Mission post-collapse 2: ‘Doing Church’

Posted: July 16, 2014 by J in General

In the last post I identified five key realities of our existence, living after the collapse of church involvement in Australia. It’s time we addressed each of them. First was:

1. Coming to church is not the default setting for many people any more. In fact it feels like a strange and foreign place. So they need some compelling reason to come along. But we Protestants have (clearly) not been successful, overall, at providing compelling reasons. So they stay comfortably away.

This is especially true of Aussie males. Most of them would rather run a mile than go to church.

This is difficult for us evangelicals because our whole approach to church is ‘service-centred’. It all revolves around those two hours on a Sunday. If you come there, you can make friends, join in the church family, learn etc. The service is the way in.

But our neighbours feel that it is a way they would rather not take. It’s a hurdle they don’t want to jump. They’ve kind of voted with their feet haven’t they. Since they don’t want to ‘come to church’, they miss out on all the things a church family could offer them. And, from our point of view, we stay on the other side of that hurdle, urging our neighbours to jump it, but actually failing to reach them.

What can we do to respond to this? A few talented leaders can make church services so good that people are attracted. The best of our churches can draw in great staff who will do this pretty well and build a growing congregation. But the rest of us – the large majority – cannot really manage to make our services that stunning and inspirational. That approach is only going to work for a few. And even those few, there are still plenty of people out there who just won’t come no matter what, and we’ll never reach them through church services. Better services are not the main way forward to see this generation reached for Christ.

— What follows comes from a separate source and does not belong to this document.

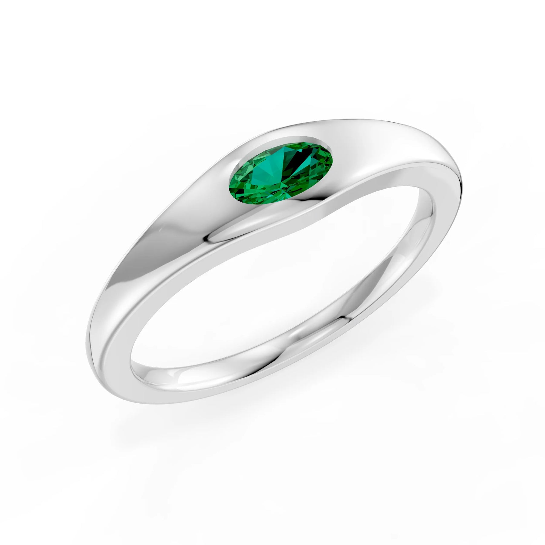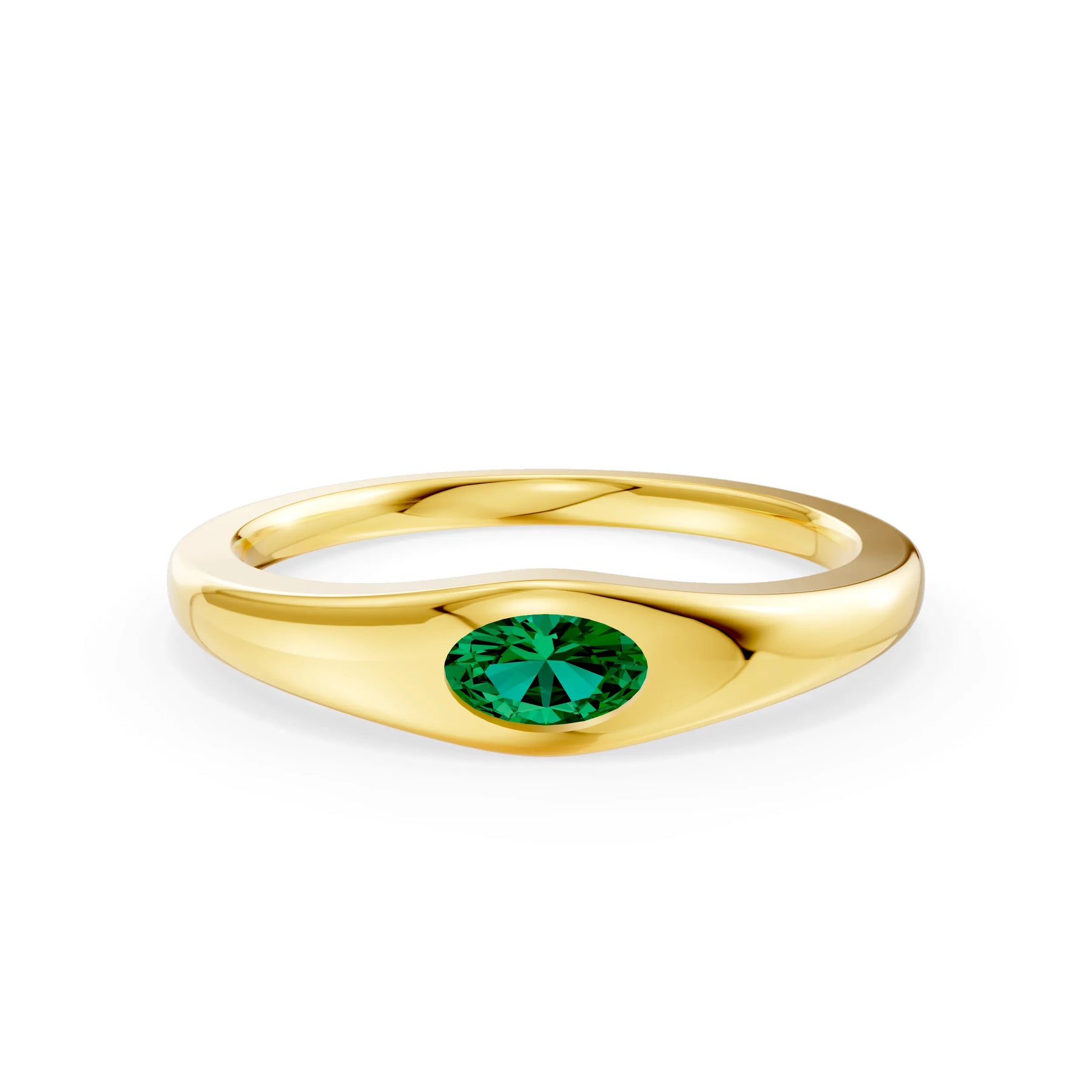 Emerald Flush-Set Oval Gemstone Mini Signet Ring

Here’s an alternative suggestion. How about we stop trying to get people to come to our church services? I’m suggesting moving right away from the whole ‘church as event’ model, where church is something we do. And toward a ‘church as body’ model, where the church is a community of people sharing their lives and faith. That’s what our theology tells us church is, right? How about we start living that, a bit?

Let’s defocus the ‘church service’, and let’s stop talking about ‘going to church’. Seriously. That language says church is an event. It’s not: it’s a body of people. So let’s stop saying it. And let’s stop living it.

Let’s give people other ways of getting involved with the church community, without having to attend a ‘service’. Can the whole process of coming to know Jesus and take part in fellowship with his people, can that all kick off before a person has come to a Sunday service? I can’t see why not…

At our church, we hardly ever invite anyone to come along to our Sunday service. We invite them to heaps of other stuff, though, usually in people’s homes. By the time they decide to come along to the Sunday worship service, they already know most of the people there, they already feel like part of the community.

Church services have become an obstacle, a blockage which hinders us and our neighbours from connecting. I’m not suggesting we can them. Let’s just de-centre them. If our neighbours don’t feel able to come, let’s make some other pathways for them.

Maybe the needs of mission are going to push us to fix up our dodgy approach to church life!

  1. Dave Binggeli says:

    I think i know where that photo’s from…

  2. Matt Steele says:

    Plenty of wisdom in this blog. And perhaps I’m feeling slightly over-sensitive since I’m sitting about 15m from that sign 🙂 but it sounds a bit like a silver bullet approach to me. There are still plenty of unbelievers and de-churched who are open to coming to a church service. I met a woman in our church car park yesterday who (clearly hadn’t noticed the sign!) specifically asked me if we have a service on Sunday and then expressed her interest in coming along with her boys. Interestingly that’s the reason for the sign – with the decline at St Alban’s so many people in Five Dock don’t know that there is still a church (community or event – or perhaps ‘community that gathers’) here. Of course that doesn’t mean we’re relying on the church service or any other single thing to draw people into our community to hear the gospel. And it doesn’t mean we’ve got it all sorted – I have no idea how to reach most of the blokes in Five Dock. And I’m sure we could learn heaps from the brilliant community stuff you’re doing. But I still reckon having a sign – and inviting some people to church – is a good idea.

    • J says:

      Apologies for any offence caused, Matt. It was not intended. I have removed the picture.

      • Matt Steele says:

        Thanks J – no offence taken. Like I said I think there’s a lot of insight in the points you made. We’re certainly trying – though still learning – to find ways to bring people into our church community who might not feel comfortable coming into a church service. I just don’t think it’s a zero sum game. I want to do both church community and church gathering well. That’s partly for theological reasons and partly for cultural ones – while there’s a large move away from church generally there are sub-cultures who are still open to coming. Having said that at St As we haven’t gone close to cracking the Roman Catholic sub-culture (50% of FD population!) and I’m pretty sure your community emphasis is a better way to connect with them than trying to convince them to enter a non-RC church building.

  3. J says:

    Never been quite sure what a zero sum game was – but I think we’re roughly on the same page, Matt. Perhaps we have a slightly different level of hopefulness about getting newcomers to a church service. But it’s a difference of degree I guess.

    Sounds like you’re doing great work there in a difficult-to-reach area. Keep it up!